ここで真っすぐ前の足を踏み出すことで、ボールをしっかりと捉えることができるわけです。
これはバッティングの基本となる部分ですから、どんな練習の時であっても、前の足を真っすぐに踏み出すという意識をもって、練習に取り組んでください。
実技:ボールを捉える位置
バッティングで、ボールを捉(とら)える位置は、自分が確実に見える位置(へその前)が望ましいです。
そのためには、バッティング練習では、漠然(ばくぜん)とバットを振るのではなく、ピッチャーが投げたボールの軌道(きどう)を具体的にイメージしながらスイングして、ボールを捉える場所をつかんでください。
実技:正しいトップができれば、構えは自由に
バットの構え方やタイミングの取り方は、人それぞれです。
一番大事なのは、タイミングの取り方ではなく、そのあとのトップを如何に自分にとって自然で楽で無駄のない形をつくれるかということです。
足を投手方向へまっすぐ出す、肩を内に入れない、ボールに力を伝えるために後ろ足に体重を残す、など基本のポイントを押さえて、自分に合ったトップの形を見つけてください。
実技:目の使い方
今までいろいろとバッティングの基礎についてお話してきましたが、最後にボールの出どころであるピッチャーの見方をプロの経験をもってお伝えしたいと思います。

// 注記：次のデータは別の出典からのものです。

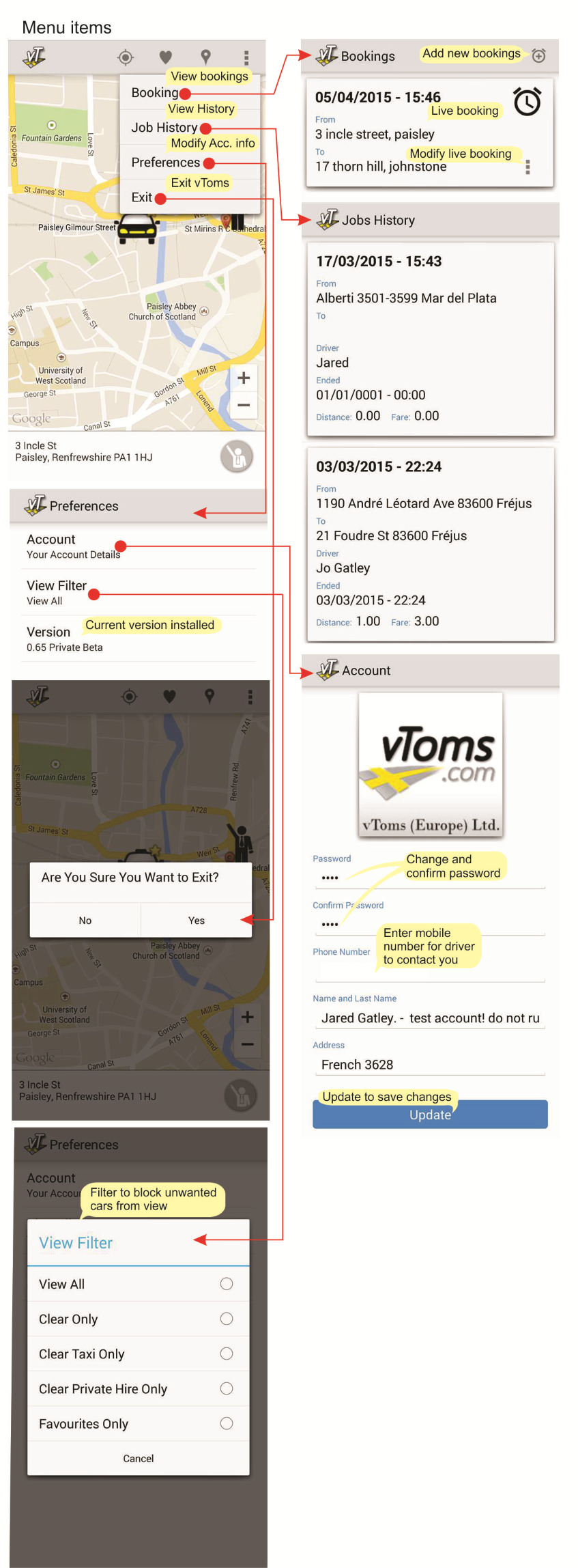 vToms is designed to be used by fully licensed drivers with all necessary authorization. When a driver registers, their details are sent off to the local authority for clarification. By using vToms Passenger your journey details are stored on your phone, in the job history, after completion of the hire. Here you will find the full details of your completed hire along with the driver name and are able to reconnect with that driver if required. If an advanced booking is made for any driver, an email confirming who, with full details including driver mobile number, will be sent to the passenger.

「打たなきゃ」と強く思えば思うほど、ジッと力を入れてピッチャーを見つめてしまうものですが、眉間にしわが入るほど一点を強く見つめてしまうと、体の筋肉がこわばり、次の動作が遅れてしまうものです。
そこで、ピッチャー全体をぼんやりと見るようなイメージで、力を抜いて相手を見ることをおすすめしたいと思います。
これは、バッティングの時に限らず、守備のときも同様です。
この目の使い方は、ぜひ練習のときの参考にしてください。
小川 博文(おがわ・ひろふみ)
オリックス・バファローズ ジュニアチームコーチ。
1967年生まれ、千葉県館山市出身。
選手歴
拓殖大学紅陵高等学校-プリンスホテル-オリックス・ブレーブス/オリックス・ブルーウェーブ (1989 – 2000)-横浜ベイスターズ (2001 – 2004)
コーチ歴
オリックス・バファローズ (2008, 2010 – 2012, 2014 – 2015)
横浜DeNAベイスターズ (2016 – 2018)
俊足好打の内野手として活躍。社会人時代はソウル五輪日本代表として全試合に先発出場、銀メダル獲得に貢献。
プロ入り後は1991年にベストナインに選出。95&96年の優勝にも貢献。99年にはプロ通算5人目となる全打順での本塁打も達成。プロ通算1,720試合出場、1,406安打。